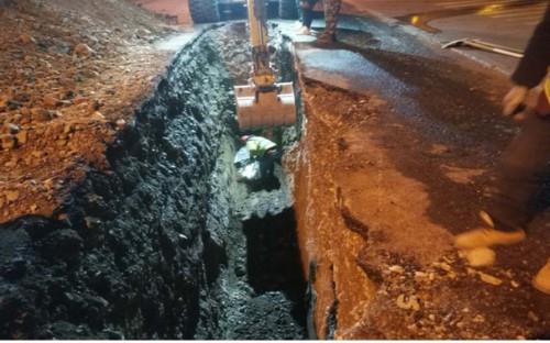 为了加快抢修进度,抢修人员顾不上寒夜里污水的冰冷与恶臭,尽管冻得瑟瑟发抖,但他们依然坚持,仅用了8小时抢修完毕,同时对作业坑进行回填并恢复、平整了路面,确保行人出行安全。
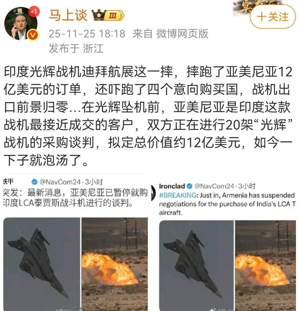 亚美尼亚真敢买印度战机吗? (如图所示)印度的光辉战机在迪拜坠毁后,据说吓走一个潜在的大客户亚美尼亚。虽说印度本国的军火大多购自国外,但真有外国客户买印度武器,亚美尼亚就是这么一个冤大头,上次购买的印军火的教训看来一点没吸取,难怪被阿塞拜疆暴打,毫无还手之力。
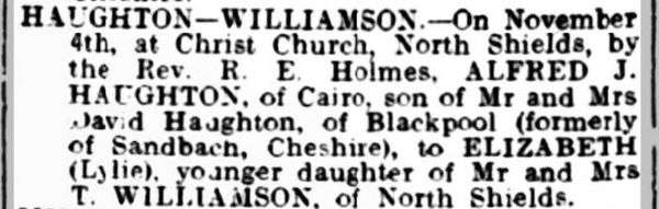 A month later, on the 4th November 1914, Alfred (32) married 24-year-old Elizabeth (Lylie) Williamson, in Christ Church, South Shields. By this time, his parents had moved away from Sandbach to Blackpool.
---
What is required. Output the listing above exactly, excluding all pictures.

Output of the exercise.
 为了加快抢修进度,抢修人员顾不上寒夜里污水的冰冷与恶臭,尽管冻得瑟瑟发抖,但他们依然坚持,仅用了8小时抢修完毕,同时对作业坑进行回填并恢复、平整了路面,确保行人出行安全。
 亚美尼亚真敢买印度战机吗? (如图所示)印度的光辉战机在迪拜坠毁后,据说吓走一个潜在的大客户亚美尼亚。虽说印度本国的军火大多购自国外,但真有外国客户买印度武器,亚美尼亚就是这么一个冤大头,上次购买的印军火的教训看来一点没吸取,难怪被阿塞拜疆暴打,毫无还手之力。
 A month later, on the 4th November 1914, Alfred (32) married 24-year-old Elizabeth (Lylie) Williamson, in Christ Church, South Shields. By this time, his parents had moved away from Sandbach to Blackpool.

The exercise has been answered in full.